Se adentró caminando en la oscuridad, buscando al último niño que había pedido socorro.
Y después de ese chico vino otro. Y otro, que se había roto el brazo, al parecer, cayendo de algún piso superior. Y luego otro. Siempre había otro chico.
Al rayar el alba la arboleda se llenó de trinos y luz. ¿Habría amanecido también en casa?
Ya no se oía ningún sonido de origen humano, salvo por los sollozos del último niño perdido, que se había clavado en la pierna un trozo de madera afilada. Sería imposible que el chico activase su propia cruzadora, lo que era una pena, porque a la tenue luz Joshua admiró su factura. Saltaba a la vista que el muchacho se había tirado un rato en el Radio Shack.
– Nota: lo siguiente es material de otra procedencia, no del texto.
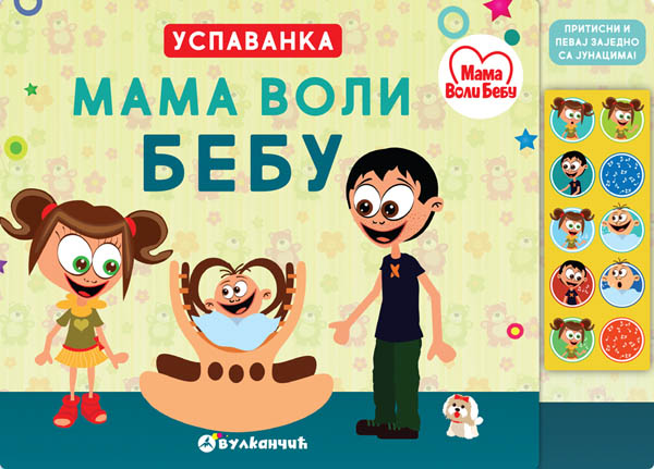 U ovoj veseloj zvučnoj knjizi mališani će se družiti sa luckastim pilićima i ostalim stanovnicima seoskog imanja. Uz pomoć zvučnog modula oživeće životinje na svakoj strani, a moći će i da pevuše uz ljupku pesmicu Mi smo pilići u toku čitanja ili zasebno. Zabava je zagarantovana! Mama voli bebu: uspavanka je zvučna knjiga sa 10 zvukova kroz koju će deca na novi način i uz propratnu priču doživeti istoimenu omiljenu pesmu, a roditelji lako uspavati ili razonoditi svoje mališane.

Un niño sensato, pero no lo bastante para llevar linterna o antimosquitos.
Con cuidado, Joshua se agachó, cogió al chico en brazos y se puso derecho. El niño gimió. Con una sola mano, Joshua buscó a tientas el interruptor de su propia cruzadora, satisfecho una vez más de haber seguido las instrucciones al pie de la letra.
En esa ocasión, cuando cruzó con el niño herido, lo deslumbraron unas luces, y en cuestión de segundos un coche patrulla de la Policía de Madison frenó ante él con una derrapada. Joshua no se movió lo más mínimo.
Dos agentes salieron del coche. Uno de ellos, un hombre joven que llevaba una chaqueta fluorescente, levantó al niño herido con delicadeza de los brazos de Joshua y lo tendió sobre la hierba. La otra policía se situó, sonriente y con las manos abiertas, delante de él. Eso le puso nervioso. Era la misma sonrisa que ponía una hermana ante un Problema. Unos brazos extendidos en ademán de bienvenida podían convertirse con rapidez en unos brazos que agarraban. Detrás de los policías había luces por todas partes, como en un plató de cine.
—Hola, Joshua —dijo la agente—. Me llamo Monica Jansson.